How much is inequality reduced by progressive taxation and government spending?
South Africa has evidently made limited progress in reducing income inequality since the end of apartheid. In fact, since 1994 the Gini coefficient has increased somewhat to 0.69 in 2011. South Africa’s levels of inequality are even greater than those in Brazil, another highly unequal country. For instance, 61.3% of aggregate consumption expenditure comes from the richest 20% of South Africans, compared to 55.7% in Brazil (StatsSA 2014; SEDLAC).
In a country as unequal as South Africa, it is critical to determine the progressiveness of the major fiscal policy instruments – i.e. to establish whether government spending and taxation separately and together are ameliorating or worsening the degree of inequality that would otherwise exist between individuals.
In order to make this determination one must ask two critical questions. First, who bears more of the burden of taxation and who benefits relatively more from the various forms of social spending – the poor, those in the middle or the rich? Secondly, what is the combined impact of taxes and spending patterns on inequality?
This article explores these questions by reporting on work by an international group of researchers (Inchauste et al. 2015) who studied these questions using the Commitment to Equity methodology developed by Lustig (Lustig & Higgins 2013). We also comment on the implications of their findings for policy.
Method of analysis
The study assesses how taxes and social spending programmes redistribute income to groups at different income levels. This involves comparing the income of different individuals in the population in terms of two measures:
- market income: income before paying taxes and receiving transfers; and
- final income: income after taxes, transfers and social spending (i.e. after redistributive fiscal efforts).

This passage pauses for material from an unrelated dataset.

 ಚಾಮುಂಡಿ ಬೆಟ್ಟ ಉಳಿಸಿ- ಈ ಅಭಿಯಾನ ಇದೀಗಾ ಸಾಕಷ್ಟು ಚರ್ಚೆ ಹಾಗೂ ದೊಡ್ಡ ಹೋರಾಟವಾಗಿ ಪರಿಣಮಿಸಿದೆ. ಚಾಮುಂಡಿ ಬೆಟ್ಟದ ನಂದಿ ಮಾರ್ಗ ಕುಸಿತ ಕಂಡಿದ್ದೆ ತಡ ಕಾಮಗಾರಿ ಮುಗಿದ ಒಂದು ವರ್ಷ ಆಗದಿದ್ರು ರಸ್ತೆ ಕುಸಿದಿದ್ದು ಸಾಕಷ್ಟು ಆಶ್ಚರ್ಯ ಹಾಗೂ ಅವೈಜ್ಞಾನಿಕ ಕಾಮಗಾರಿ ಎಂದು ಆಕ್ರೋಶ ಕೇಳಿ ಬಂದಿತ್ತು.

Market income is formally defined as the income a person receives from wages, salaries, capital, private transfers and contributory pensions before paying taxes – and not counting benefits from government spending. Final income is derived in steps (see figure 4 below).

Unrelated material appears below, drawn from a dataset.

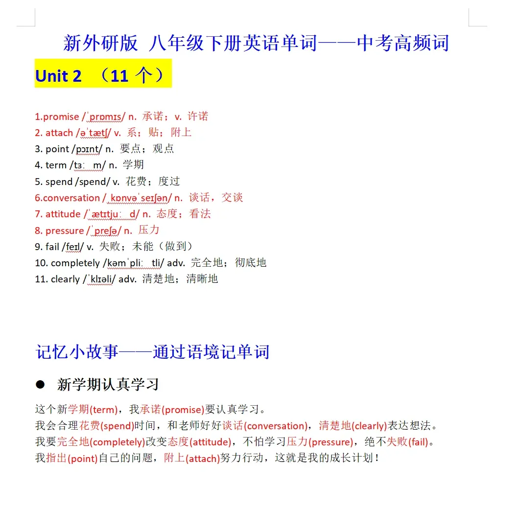(2026年新教材)外研版初中八年级下册英语电子课本同步教材单词表附知识点归纳

The study actually interprets ‘transfers’ in their broadest sense: in addition to cash transfers (such as social grants), it includes an estimated monetary value of the receipt of basic services such as water and electricity, as well as the benefits of education and health spending. All these services can be regarded as in-kind transfers.
A next step is to determine the impact of these fiscal instruments (taxes and spending) on inequality by measuring the Gini coefficient before and after redistributive fiscal efforts. These effects are then compared with those of 12 middle-income countries, using the same methodology.
The main source of data is StatsSA’s Income and Expenditure Survey (IES) 2010/2011. Unfortunately, not all taxes and spending categories could be incorporated into the analysis. The tax items included are personal income tax, payroll taxes (such as UIF contributions), value-added tax (VAT), specific excise duties on alcohol and tobacco and the general fuel levy. Together these comprise about 64.5% of general government tax revenue in 2010/11. Corporate tax (about 21% of tax revenue) is the largest category excluded from the analysis.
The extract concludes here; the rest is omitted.